## Given data
- - -
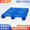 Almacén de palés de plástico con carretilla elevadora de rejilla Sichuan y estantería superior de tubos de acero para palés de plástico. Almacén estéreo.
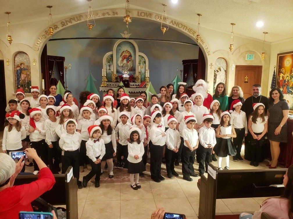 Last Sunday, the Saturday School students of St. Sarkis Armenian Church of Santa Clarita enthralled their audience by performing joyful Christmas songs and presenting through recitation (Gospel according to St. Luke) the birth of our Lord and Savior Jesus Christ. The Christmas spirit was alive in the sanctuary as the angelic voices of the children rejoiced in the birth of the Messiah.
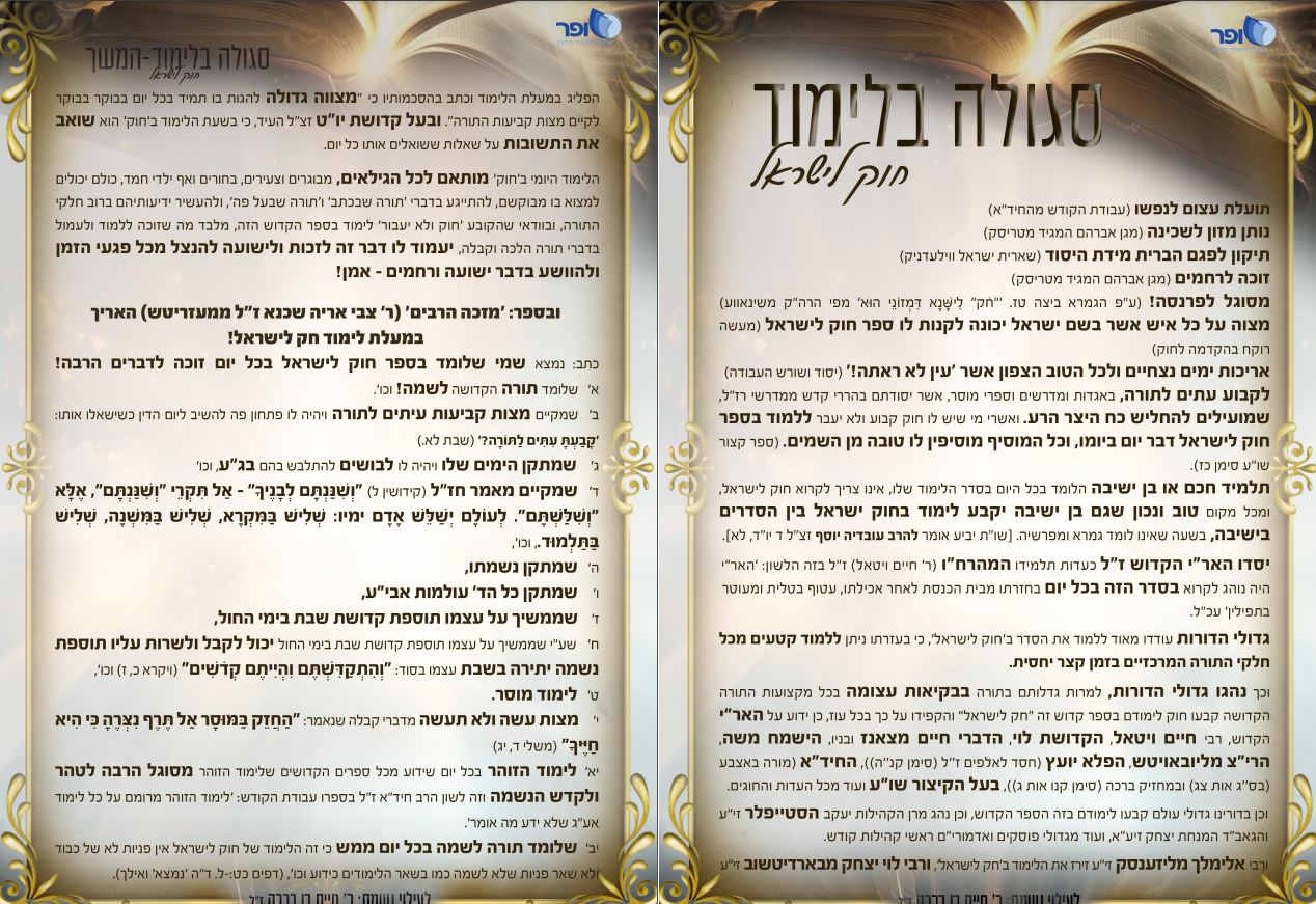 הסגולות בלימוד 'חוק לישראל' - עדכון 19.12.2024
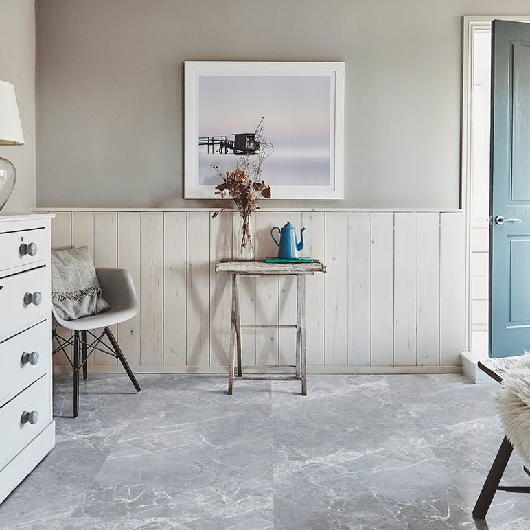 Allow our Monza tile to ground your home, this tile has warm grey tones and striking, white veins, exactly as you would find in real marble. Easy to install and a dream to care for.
- - -
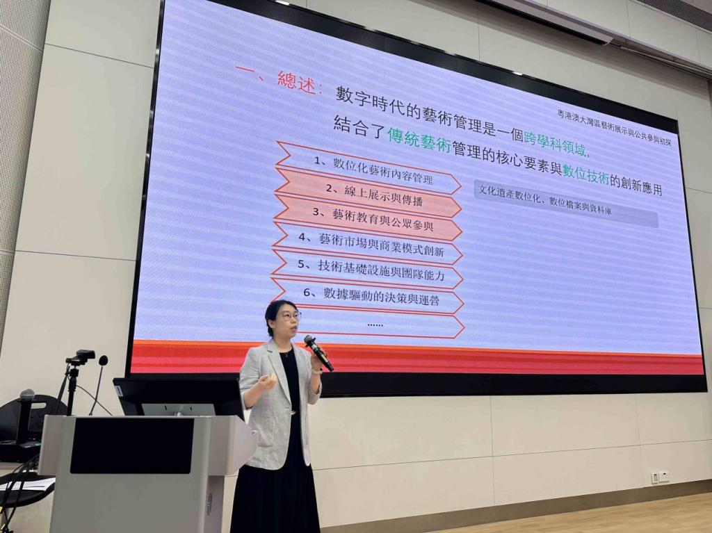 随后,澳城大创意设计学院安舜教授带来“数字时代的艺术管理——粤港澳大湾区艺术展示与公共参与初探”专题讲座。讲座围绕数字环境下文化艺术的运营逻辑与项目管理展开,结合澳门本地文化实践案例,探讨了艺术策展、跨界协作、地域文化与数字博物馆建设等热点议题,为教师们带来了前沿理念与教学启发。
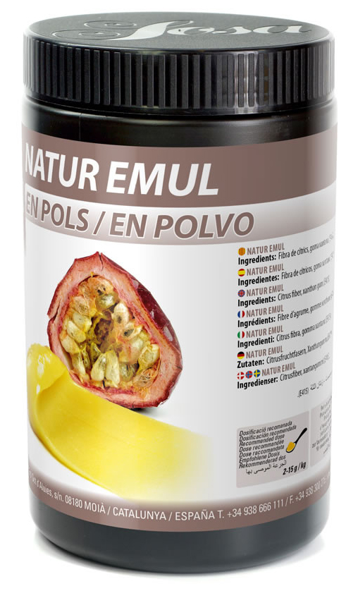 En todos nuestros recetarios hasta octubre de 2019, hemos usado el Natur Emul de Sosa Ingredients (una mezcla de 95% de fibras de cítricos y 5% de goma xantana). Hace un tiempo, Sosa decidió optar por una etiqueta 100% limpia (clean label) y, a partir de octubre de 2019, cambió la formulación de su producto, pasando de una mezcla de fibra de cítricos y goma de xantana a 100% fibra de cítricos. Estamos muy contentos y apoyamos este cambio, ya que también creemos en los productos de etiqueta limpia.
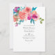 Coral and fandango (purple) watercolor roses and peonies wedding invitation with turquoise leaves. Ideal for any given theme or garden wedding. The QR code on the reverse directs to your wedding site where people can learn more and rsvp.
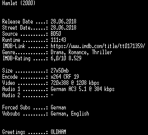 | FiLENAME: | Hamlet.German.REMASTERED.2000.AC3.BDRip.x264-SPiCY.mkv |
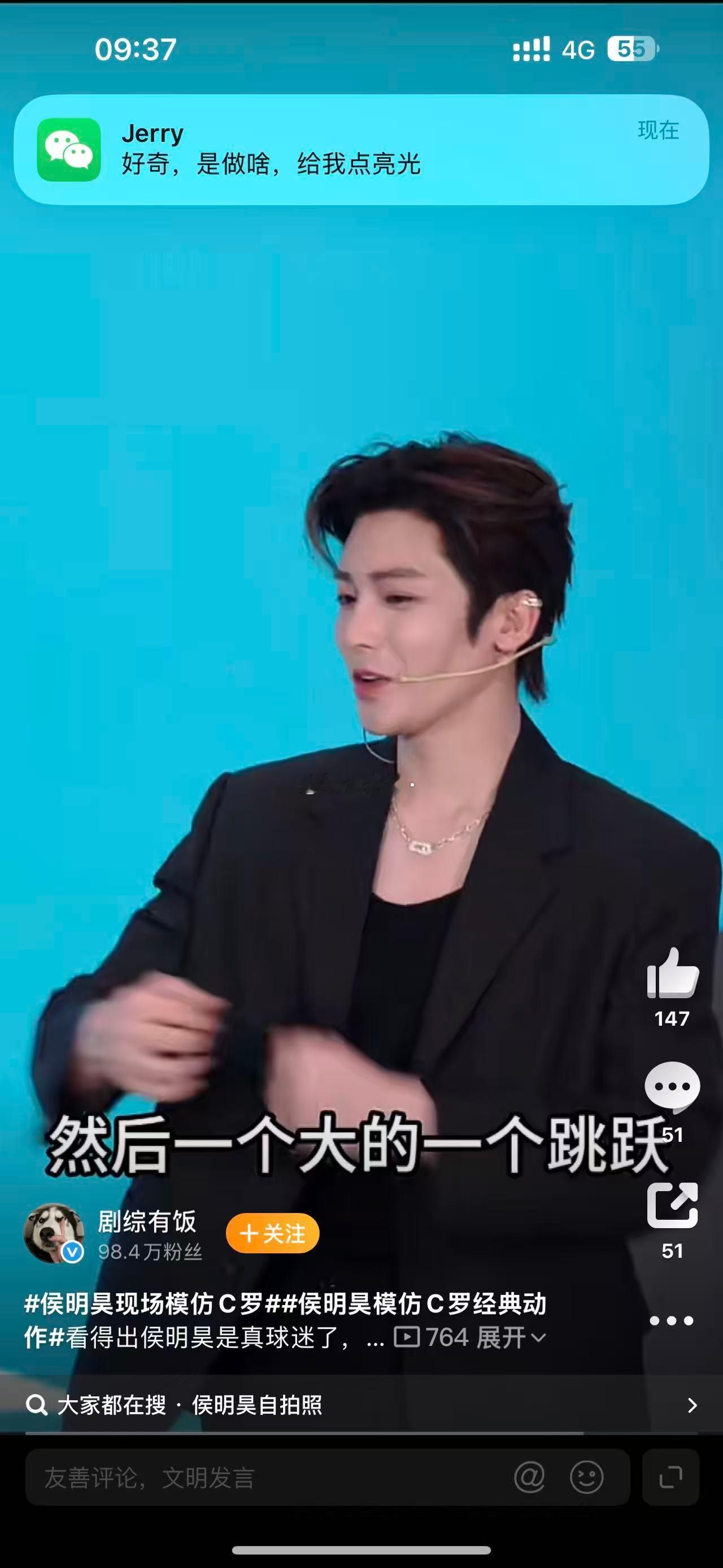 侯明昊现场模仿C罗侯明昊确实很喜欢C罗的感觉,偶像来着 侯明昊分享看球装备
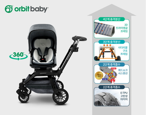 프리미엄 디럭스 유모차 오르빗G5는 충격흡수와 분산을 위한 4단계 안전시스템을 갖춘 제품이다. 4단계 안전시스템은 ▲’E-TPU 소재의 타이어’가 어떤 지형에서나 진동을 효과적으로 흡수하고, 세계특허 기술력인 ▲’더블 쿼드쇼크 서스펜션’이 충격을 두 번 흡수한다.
- - -
## Work item
Your answer must be the exact lines from the records above, from the one containing "随后,澳城大创意设计学院安舜" through the one containing "프리미엄 디럭스 유모차", both included, with every picture left out.

## Written solution
 随后,澳城大创意设计学院安舜教授带来“数字时代的艺术管理——粤港澳大湾区艺术展示与公共参与初探”专题讲座。讲座围绕数字环境下文化艺术的运营逻辑与项目管理展开,结合澳门本地文化实践案例,探讨了艺术策展、跨界协作、地域文化与数字博物馆建设等热点议题,为教师们带来了前沿理念与教学启发。
 En todos nuestros recetarios hasta octubre de 2019, hemos usado el Natur Emul de Sosa Ingredients (una mezcla de 95% de fibras de cítricos y 5% de goma xantana). Hace un tiempo, Sosa decidió optar por una etiqueta 100% limpia (clean label) y, a partir de octubre de 2019, cambió la formulación de su producto, pasando de una mezcla de fibra de cítricos y goma de xantana a 100% fibra de cítricos. Estamos muy contentos y apoyamos este cambio, ya que también creemos en los productos de etiqueta limpia.
 Coral and fandango (purple) watercolor roses and peonies wedding invitation with turquoise leaves. Ideal for any given theme or garden wedding. The QR code on the reverse directs to your wedding site where people can learn more and rsvp.
 | FiLENAME: | Hamlet.German.REMASTERED.2000.AC3.BDRip.x264-SPiCY.mkv |
 侯明昊现场模仿C罗侯明昊确实很喜欢C罗的感觉,偶像来着 侯明昊分享看球装备
 프리미엄 디럭스 유모차 오르빗G5는 충격흡수와 분산을 위한 4단계 안전시스템을 갖춘 제품이다. 4단계 안전시스템은 ▲’E-TPU 소재의 타이어’가 어떤 지형에서나 진동을 효과적으로 흡수하고, 세계특허 기술력인 ▲’더블 쿼드쇼크 서스펜션’이 충격을 두 번 흡수한다.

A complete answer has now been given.